Ibrahim could be charming. Once the Sultan asked him, "Whose celebration party was best, Ibrahim? The one I held for my son's circumcision or the one you held when you were married?" Ibrahim was quick with the "right" answer..."My party was best," he said, "because I had the Sultan as my guest!"

Or he could be a jealous adversary...
A European chronicler made note (in 1534) that Ibrahim discovered the Magnificent Süleyman getting advice from [the attractive] Rüstem Paşa (who would be Ibrahim's successor). Ibrahim became quite agitated and, in a flash, Rüstem found himself reassigned to duty in the remote province of Diyarbakır. Süleyman did not intervene.

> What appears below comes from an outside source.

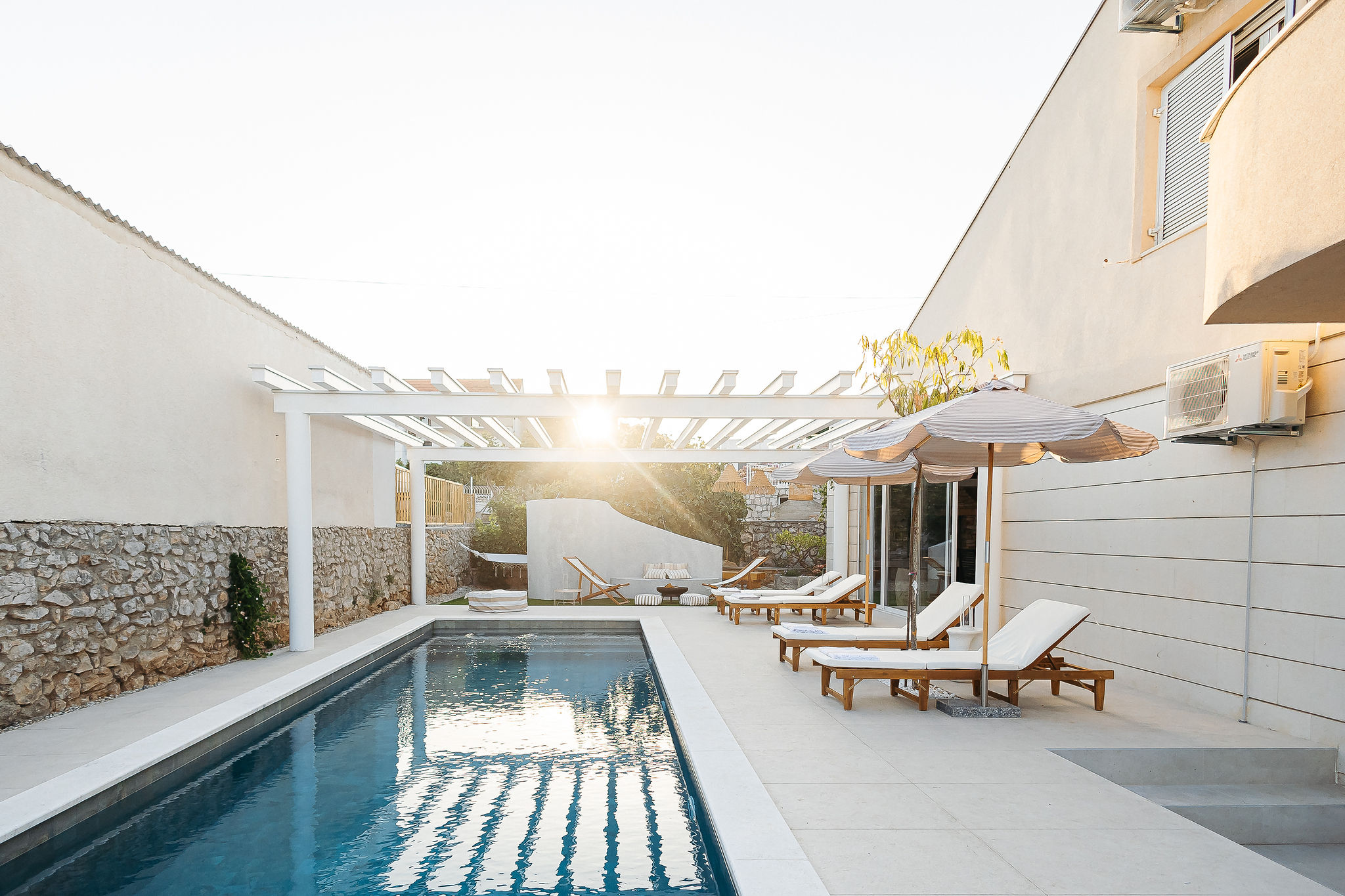 Just a short walk from the sea and Murter’s vibrant centre, this elegant villa offers the perfect balance between privacy and accessibility. Spanning 240 m² across two levels, Villa Ksenia accommodates up to 8 guests in 4 spacious bedrooms. Originally designed as a family residence rather than a typical rental property, the villa reflects thoughtful layout, quality materials, and a relaxed yet sophisticated atmosphere. With its private pool, outdoor jacuzzi, and indoor Finnish sauna, it delivers a complete luxury villa experience on the Adriatic coast.

Later, after Hafsa Hatun (Süleyman's mother and Ibrahim's powerful benefactor) died, Rüstem along with his wife, Mihramah (Süleyman and Hürrem's daughter), and Hürrem (Süleyman's wife) successfully plotted against Ibrahim. On the evening of April 5, 1536 after Ibrahim's return from two-years of victorious campaigning against the Safavids in Persia, Süleyman invited his old friend to dinner in the sultan's private quarters at TOPKAPI. They passed a pleasant evening together apparently, but it grew late so Ibrahim retired to the adjoining bedroom -- which the Sultan always kept ready for him. The next morning Ibrahim was found in the street outside the palace walls, strangled by bowstring. Gauging from the marks on his body he had put up a prodigious fight to the end...And as Will Durant has observed, "it was an act that matched the barbarism of the burning of Servetus or Berquin.[two Christian 'heretics' burned at the stake by 'orthodox' Christian authorities, in this same era.]"35

Ottoman Grand Vizier (1523-1536) to Süleyman I (The Magnificent). Probably of Greek or Croatian ancestry, Ibrahim entered Turkey via the devşirme system as a youthful Christian slave after an Ottoman raid -- perhaps near Parga, Italy16 in the time of Bayezid II. Süleyman and he quickly became very close friends -- too close in the eyes of many (Ali Kemal Meram suggests they were bisexual lovers.29) After Süleyman became Sultan (1520), Ibrahim began a meteoric rise. Within 3 years, he was Grand Vizier, beating out Piri Mehmed, the last of the Grand Vizier's to come from the old Turkish aristocracy. From this point, members of the 'devşirme' began increasingly to take control of the principal positions of state in the Ottoman Empire.

Ibrahim had a fatal flaw -- he lacked modesty (outside the presence of the Sultan). He was once quoted as saying, "Though I am the Sultan's slave, whatsoever I declare is done. I can at a stroke make a pasha out of a stable-boy. I can give kingdoms and provinces to whomsoever I choose and my lord will say nothing against it. Even if he has ordered a thing himself, if I do not want it, it is not done. And if I order a thing to be done and he has ordered to the contrary, what I wish and not what he wishes is done."19
This angered and challenged Hürrem, Süleyman's strong-willed wife, and she began plotting Ibrahim's downfall. And when she prevailed, it marked the beginning of the "Sultanate of Women".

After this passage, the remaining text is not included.